L’identica questione è stata però interpretata in altro modo da parte della stessa Cassazione.[3]

Essa ha ritenuto che la rettifica delle dichiarazioni riguarda solo gli errori in favore del fisco e non anche quelli che potrebbero avvantaggiare il contribuente il quale, eventualmente, può integrare la dichiarazione errata nel biennio successivo alla scadenza del termine per la dichiarazione.

In sede di ricorso tributario – si afferma – l’errore potrebbe valere per compensare le maggiori imposte richieste, ma non legittimare un’istanza di rimborso. Altrimenti si opererebbe una interpretazione contraria all’intenzione del legislatore. [4]

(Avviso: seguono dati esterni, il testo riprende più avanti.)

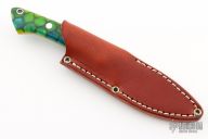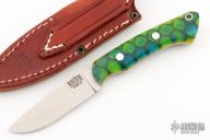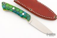 This Fox River Featherweight by Bark River Knives features a satin finished blade with .099" blade stock and .878" blade depth, full tang construction. The handle has Borealis Dragon scales with yellows liners. Comes with a brown leather sheath and original box and papers. Excellent condition.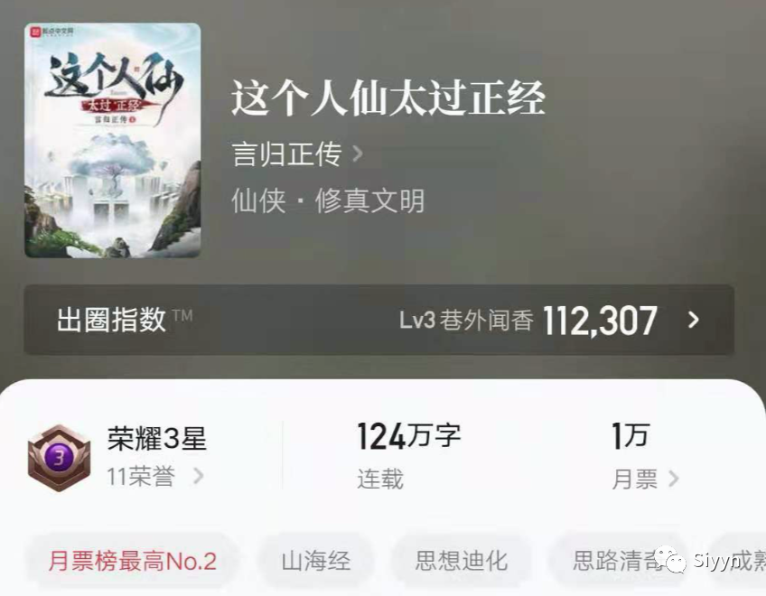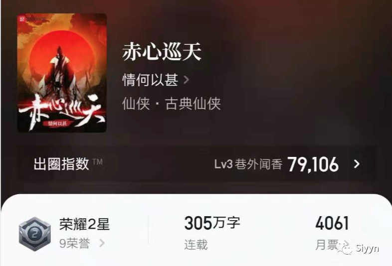 简评:这是一本非常传统的仙侠小说,据说作者本人也是一位写实体出版的。这本赤心的剧情其实有些慢热,直到最近几个月字数多了,才慢慢火起来的。如果喜欢传统仙侠的可以看看。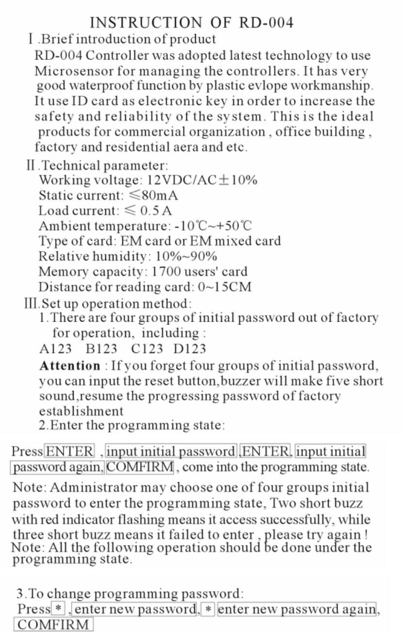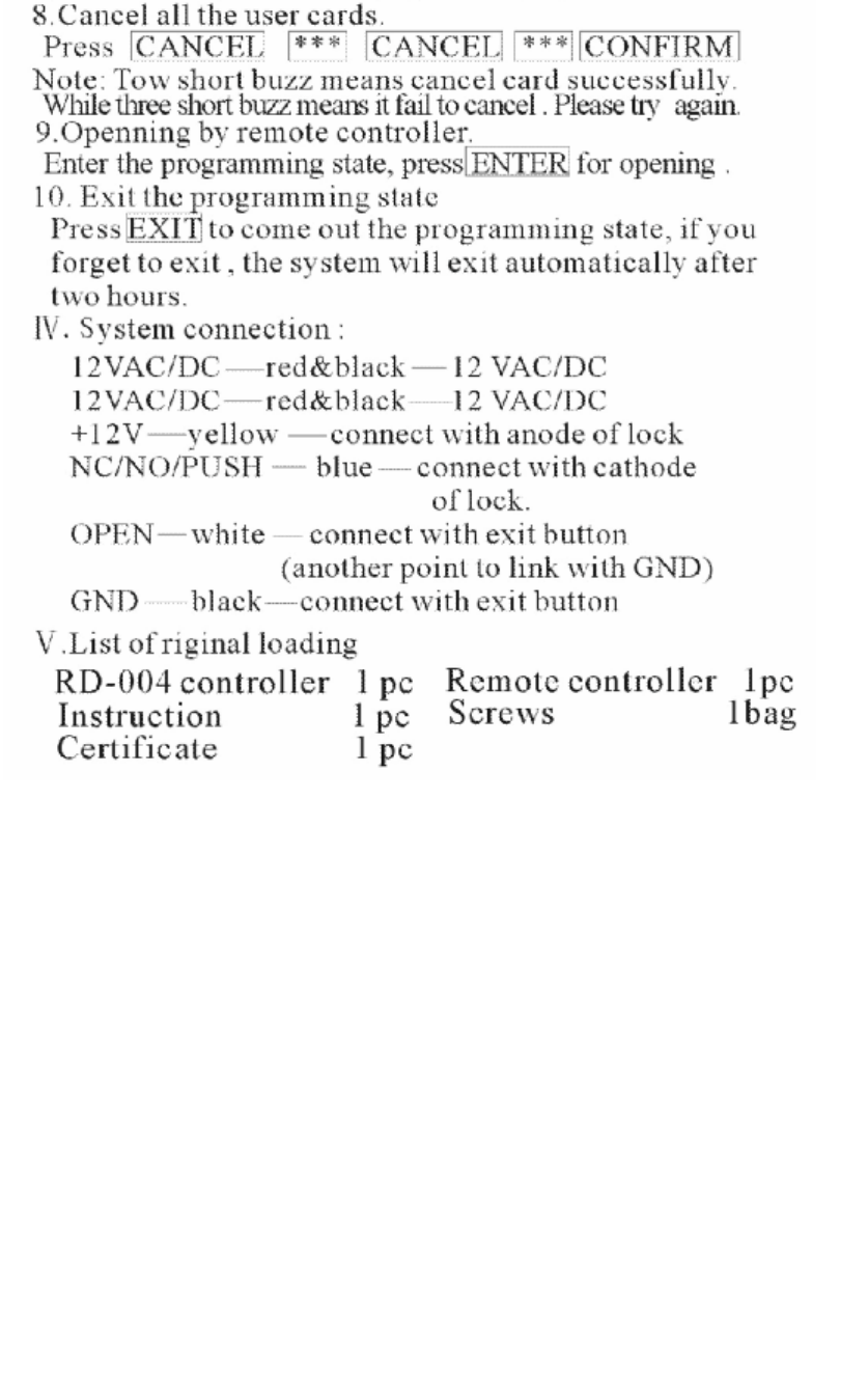 Controlled Entry Distributors RD-004 ACCESS CONTROLLER User Manual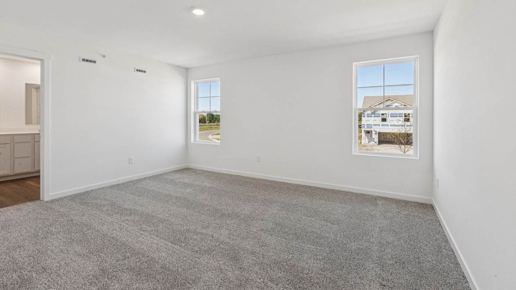 Discover yourself at 3534 Richardson Cir, Yorkville, Illinois, a beautiful new home in our Grande Reserve community. This townhome will be ready for a SPRING move-in! Homesite includes a fully sodded yard that is maintained throughout the year as well as snow removal in the winter. This home is built on a premium lot with a spacious back yard. This Tallmadge townhome plan offers over 1,665 square feet of living space with 2 bedrooms plus a loft, 2.5 baths, a mudroom and a 2-car garage. As soon as you step inside, you'll be greeted by our open concept living area, featuring luxury vinyl plank throughout the main living areas. The expansive kitchen overlooks the dining and great room areas, making it the ideal space to entertain. Additionally, your kitchen features designer 36-inch soft close cabinetry, a spacious island with quartz countertops, and pantry. Enjoy your large primary bedroom with a walk-in closet and connecting en suite bathroom. The rest of the upper level features a laundry room, secondary bedrooms with a full second bath, and linen closet. All Chicago homes include our America's Smart Home Technology, featuring a smart video doorbell, smart Honeywell thermostat, smart door lock, Deako smart light switches and more. Exterior photo of actual home. Interior Photos are of similar home and model home. Actual home built may vary.

Sulla questione, dunque, i Giudici della Cassazione ritengono necessario un pronunciamento chiaro delle Sezioni Unite affinché venga deciso un orientamento uniforme.

Un orientamento che, ad avviso di chi scrive, dovrà ratificare la necessità di un nuovo rapporto tra fisco e cittadini: un rapporto nel quale non è concepibile l’atteggiamento opportunista di chi vuole approfittare degli errori dell’altro per ricavarne un vantaggio.

Lo prevede già il Codice Civile nei rapporti tra privati!

note

[1] Cass., Ordinanza interlocutoria n. 18383 del 18.09.2015

[2] Cass. sent. n. 5947/2015; Cass. sent. n. 6665/2015.

[3] Cass., sent. n. 4238/2004

[4] Cass. sent. n. 24929/2013; Cass. sent. n. 454/2014).